If you tell any man (or woman) that he is not responsible, it is very unlikely that he will smile. If he does, it might be to enable him gather his thoughts to know how best to react in equal measure. If he finds his words, it is also unlikely it will be pleasant to the ears.
I spent some time thinking about it. If put in context, to say that I am not responsible may not be an abuse after all. It may just be a statement of fact. To be responsible goes beyond decency, good character and moral uprightness.
Responsibility has different layers. Beyond being responsible as an adolescent, an adult starts becoming responsible when he starts to think beyond himself, when he starts to take responsibilities for others. If your thinking is limited to how your decision affects you alone, you may be responsible but not responsible.

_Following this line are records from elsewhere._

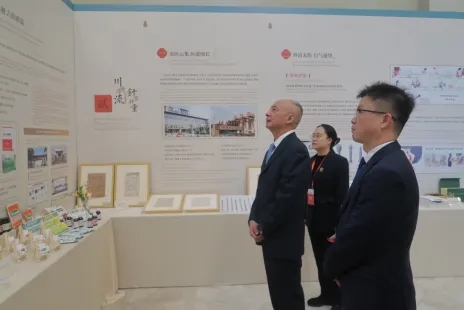 11月12日,2024年四川国际友城合作与发展大会在成都开幕。期间,由四川省中医药管理局主办、我院承办的“四川中医药”展览活动同步举行。四川省中医药管理局党组书记、局长田兴军出席会议并参观展区。四川省中医药管理局对外合作处副处长(主持工作)陈莹、我院党委副书记樊效鸿现场指导展陈工作。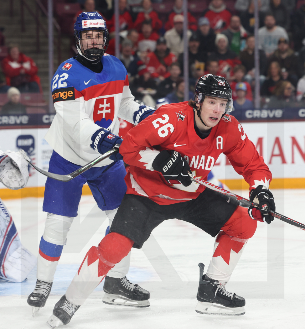 MINNEAPOLIS, USA, 02, Jan, 2026, World Juniors, Quarterfinal, CAN vs. SVK. Image shows Adam GOLJER #22 (Slovakia) & Cole BEAUDOIN #26 (Canada). Photo: Werner Krainbucher (Puckfans.at)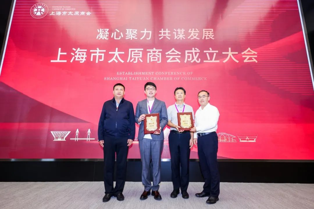 ▲山西省工商联主席景普秋、太原市副市长李永强、太原市委统战部副部长、市工商联党组书记窦力奋、上海市合作交流办推进指导处副处长李婷为上海市太原商会揭牌
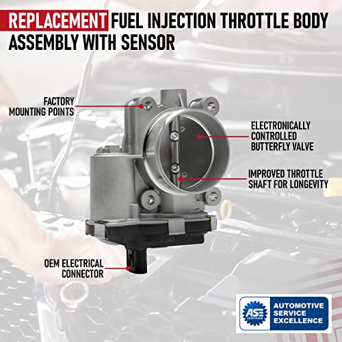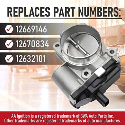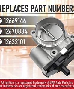 Reemplazo de Asamblea de Cuerpo del Acelerador de Inyección de Combustible con Sensor para vehículos Buick, Chevrolet y GMC con motor 2.4L. Esta asamblea de cuerpo del acelerador es esencial para regular el volumen adecuado de flujo de aire hacia el motor, lo cual es clave para la mezcla correcta de combustible y aire en el motor. Si estás experimentando problemas como caladas del motor, fallas al arrancar, la luz de advertencia electrónica del acelerador encendida, vacilaciones o saltos de potencia al acelerar en tu Lacrosse, Regal, Verano, Captiva, Equinox, es posible que el cuerpo del acelerador esté causando estos problemas y necesite ser reemplazado. Esta asamblea de cuerpo del acelerador de repuesto es compatible con varios modelos de Buick, Chevrolet y GMC, incluyendo Lacrosse, Regal, Verano, Captiva, Equinox, Impala, Malibu, Orlando y Terrain. Reemplace las partes 12632101, 12669146, 12670834 comúnmente encontradas en modelos populares de Equinox, Malibu, Regal, LaCrosse y Terrain con esta asamblea de cuerpo del acelerador de AA Ignition que viene con el sensor del acelerador. El cuerpo del acelerador viejo comúnmente falla debido a la acumulación de carbono y suciedad, por lo que es importante reemplazarlo con este componente de calidad superior que garantiza un ajuste OEM, calidad y acabado. Si alguna vez el cuerpo del acelerador falla en tu Impala, Malibu, Orlando o Terrain, simplemente contáctanos para obtener un reemplazo sin complicaciones. Ahorra tiempo y dinero en comparación con los precios del concesionario comprando esta asamblea de cuerpo del acelerador de AA Ignition y reemplazándola tú mismo.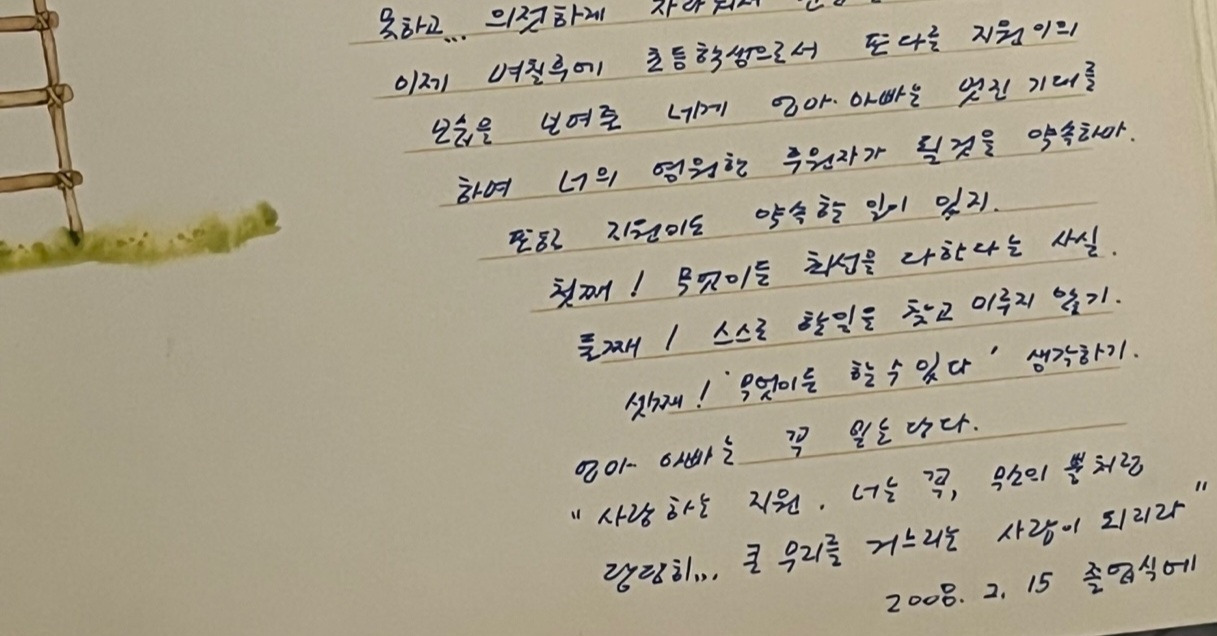 유치원 졸업하는 딸에게 보냈던 편지를 17년만에 다시 읽게 되었는데요, 그 내용을 보고 깜짝 놀랐습니다. ’무소의 뿔처럼 혼자서 가라‘ 라니요... 세상에나 이런 엄마가 있을까 싶어서 얼마나 황당하던지, 딸과 통화하던 중 너무 무안해서 다른 여자 이야기를 흉보듯 크게 웃었네요. 7살 어린아이에게 유치원 졸업축하 편지라고 하기에는 ’참 어렵다’ 싶었겠어요. 그리고 편지글은 또 왜 그렇게 길게 썼는지, 무슨 말이었는지나 알았냐고 물었더니, 그때는 아마 한글도 채 못 읽었을 거라고, 20살 때 우연히 발견해서 그때부터 종종 꺼내 읽기도 하고, 또 제게 편지 쓸 때 그 내용을 상기해서 쓰기도 한다고 말하는 딸!!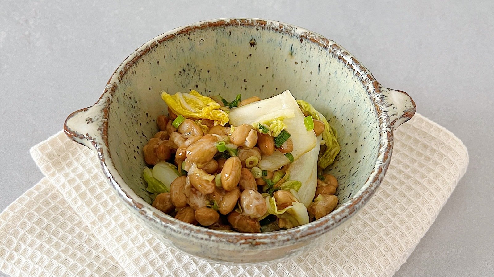 白菜の食物繊維が善玉菌のエサとなり、納豆菌が腸内環境にプラスに働いてくれることが期待できます。

Starting from the family setting, a responsible gentleman who is still a dependant may wake up in the morning and take a decision and start pursuing it. He may not owe anybody any explanation probably because there may not be anyone who will primarily bear the consequence of his actions, except him. I call it responsibility without responsibility.
The scenario above will not be the same for a parent. A responsible parent will not wake up and suddenly take a decision without thinking of the effect on his family. Even for unplanned parenthood, the first question usually posed to a woman with unplanned pregnancy is who is responsible for the unborn baby. It has a reason. The focus is who will take responsibility for the child’s upbringing.

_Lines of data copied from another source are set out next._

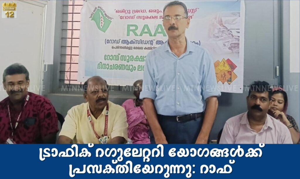 പെരിന്തൽമണ്ണ: തദ്ദേശ സ്വയം ഭരണ സ്ഥാപനങ്ങളിലെ ട്രാഫിക് റഗുലേറ്ററി കമ്മിറ്റികൾ സമയ ബന്ധിതമായി വിളിച്ചു ചേർക്കണമെന്ന് റോഡ് ആക്സിഡന്റ് ആക് ഷൻ ഫോറം മേഖല കൺവൻഷൻ ബന്ധപ്പെട്ടവരോടാവശ്യപ്പെട്ടു. റോഡുകളിലെ അറ്റകുറ്റപ്പണികൾ, റോഡു കൈയ്യേറ്റം, അമിത വേഗത എന്നിവകൾക്ക് കൗൺസിൽ യോഗങ്ങൾ ഉപകരിക്കും. ഡോക്ടർ ബക്കേഴ്സ് ഹാളിൽ സംഘടിപ്പിച്ച റോഡു സുരക്ഷ സമ്മേളനം റാഫ് സംസ്ഥാന പ്രസിഡണ്ട് ഡോ. കെ എം അബ്ദു ഉദ്ഘാടനം ചെയ്തു. ജില്ല ജനറൽ സെക്രട്ടറി ഏകെ ജയൻ അധ്യക്ഷനായിരുന്നു. മുൻ ജില്ല പോലീസ് മേധാവി യു. അബ്ദുൽ കരീം മുഖ്യപ്രഭാഷണം നടത്തി. പെരിന്തൽമണ്ണയിലെ റാഫിന്റെ പ്രവർത്തനങ്ങൾ യുവജനങ്ങളെ കൂടി ഉൾപ്പെടുത്തി കൂടുതൽ വിപുലപ്പെടുത്തണമെന്നദ്ദേഹം പറഞ്ഞു. ഏപി മെക്ക്സൺ, സിപി രാമദാസ്, എംകെ മൈമൂന, കെ മുഹമ്മദാലിഹാജി, കെ മോഹൻദാസ്,ഇ സൈനുദ്ദീൻ, എം കെ. ഫൈസൽ,സിപി മുഹമ്മദലി, ടി. അബ്ദുൽ അസീസ് എന്നിവർ സംസാരിച്ചു.സബ്ന തുളുവത്ത് സ്വാഗതവും സാവിത്രി ടീച്ചർ നന്ദിയും പറഞ്ഞു.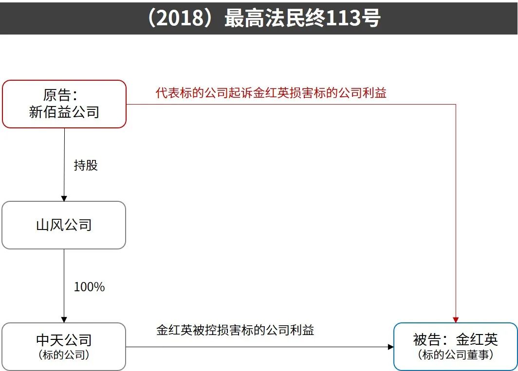 [3]最高院观点:“根据《中华人民共和国公司法》第一百四十九条、第一百五十一条的规定,董事、监事、高级管理人员执行公司职务时违反法律、行政法规或者公司章程的规定,给公司造成损失以及他人侵犯公司合法权益给公司造成损失时,符合法定条件的股东有权提起股东代表诉讼。新佰益公司认为中天公司原高级管理人员侵害中天公司权益,并以维护中天公司利益为目的提起本案诉讼。山风公司作为中天公司的唯一股东,在中天公司合法权益受到董事、监事、高级管理人员或他人侵害而中天公司怠于提起诉讼的情况下,有权依据上述法律规定以中天公司股东身份提起股东代表诉讼。本案中,新佰益公司系山风公司的股东,并非中天公司的股东,其提起维护中天公司利益的股东代表诉讼,缺乏法律依据。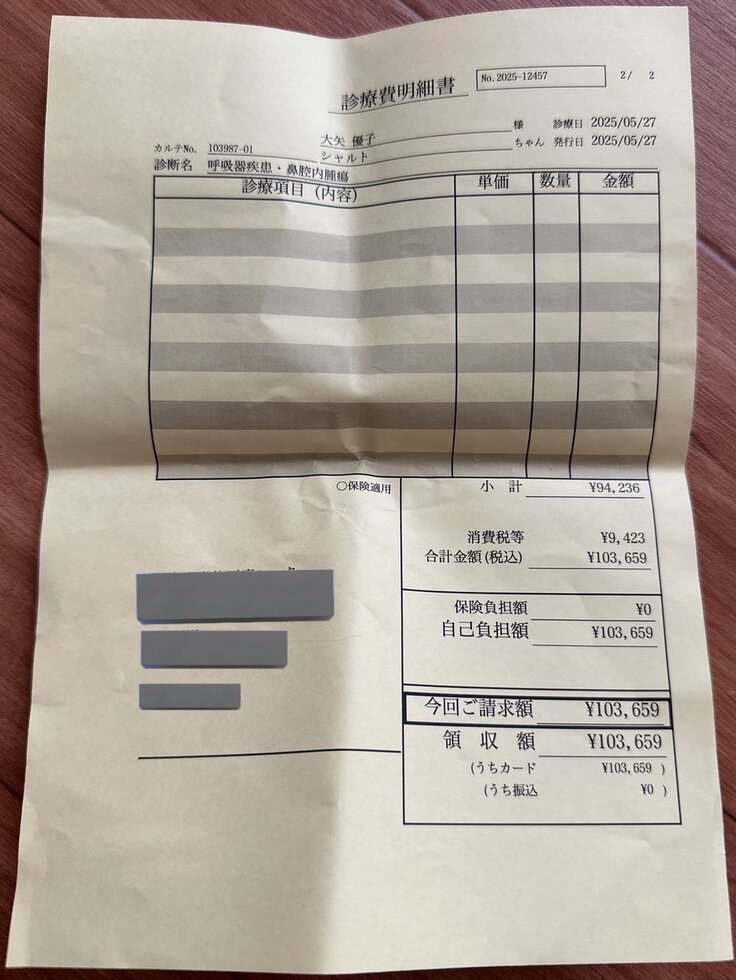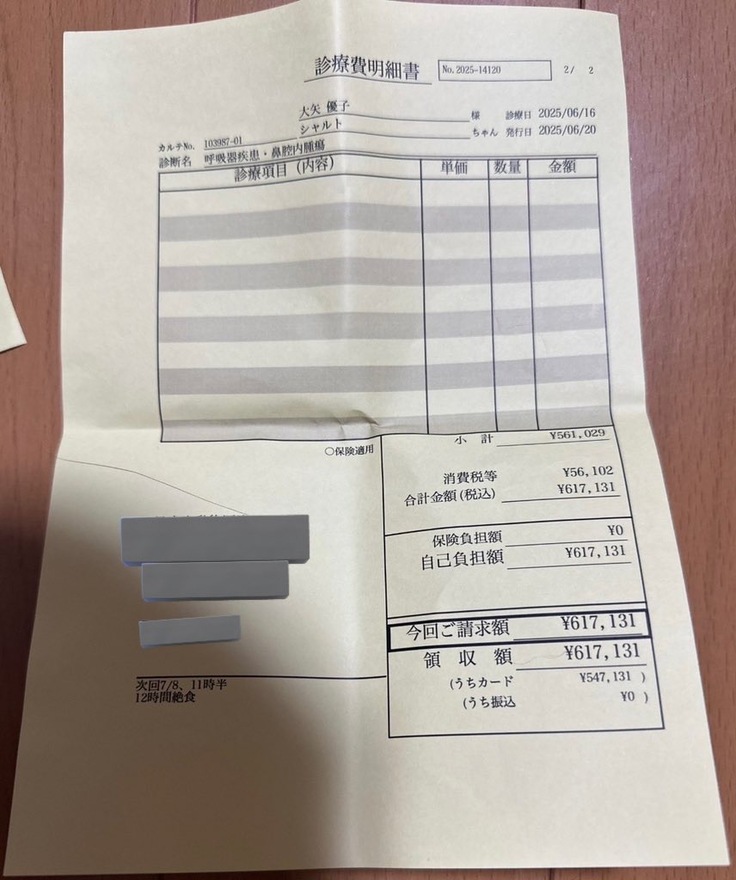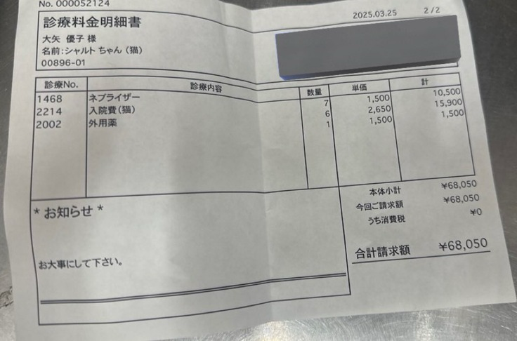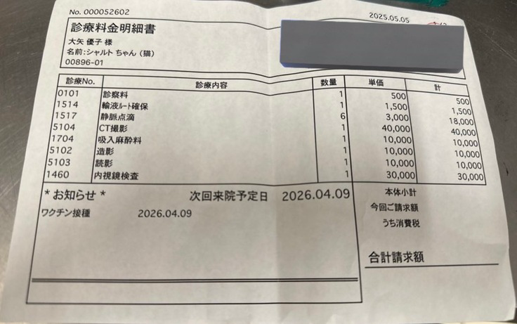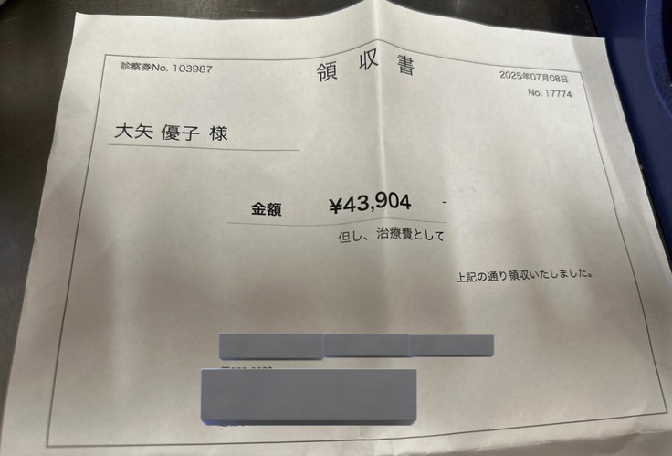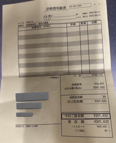 今までの治療費︰8万7849円 (B病院)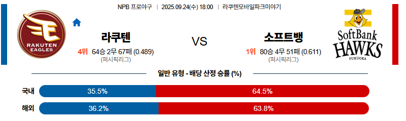 라쿠텐 대 소프트뱅크 NPB 09월24일 맞대결 생중계, 스포츠중계, 스포츠분석

As a global citizen who has a responsibility to humanity, you start being responsible when you begin to consider the effect of your actions on others. You may be harmless in your dealings. You may be someone who pays attention to details but if your priority all the time is about how it affects you but not how it affects others, you may be responsible but not responsible.

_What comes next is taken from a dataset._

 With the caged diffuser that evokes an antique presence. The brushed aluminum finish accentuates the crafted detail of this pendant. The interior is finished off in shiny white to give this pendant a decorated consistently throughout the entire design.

There is a higher level of responsibility and that is leadership. Responsible leadership goes beyond being cool headed and outspoken. It transcends having a decent dress sense and hygiene. Responsible leadership is not all about oratory prowess or intelligent analysis. It is much more than personal effectiveness. Leadership itself is responsibility.
A leader of this age needs more than competence or intellectual capacity. He considers far reaching effects of his actions (or inactions), not only on himself and his family but on the larger society. The future leader will go beyond sacrifice for self to sacrifice of self. One is for self, the other is for self and others. That is legacy.
Let me ask you. Are you accountable only to yourself? Does your action or inaction affect anyone besides you? Positively or negatively? If you are not available, will anyone notice? If your presence is not felt, is your absence felt? If the answers to these questions are not in the affirmative, you are probably responsible but not responsible. This is not an abuse, it is mere expression of my thoughts.
Please, ask the leader next door. The sacrifice he says he makes, is it for self or of self? If it is of self, humanity needs more of him but if it is for self alone, he is not a responsible leader. This is not an abuse. It is just the simplest way I can describe it.
Happy 62nd independence anniversary, Nigeria.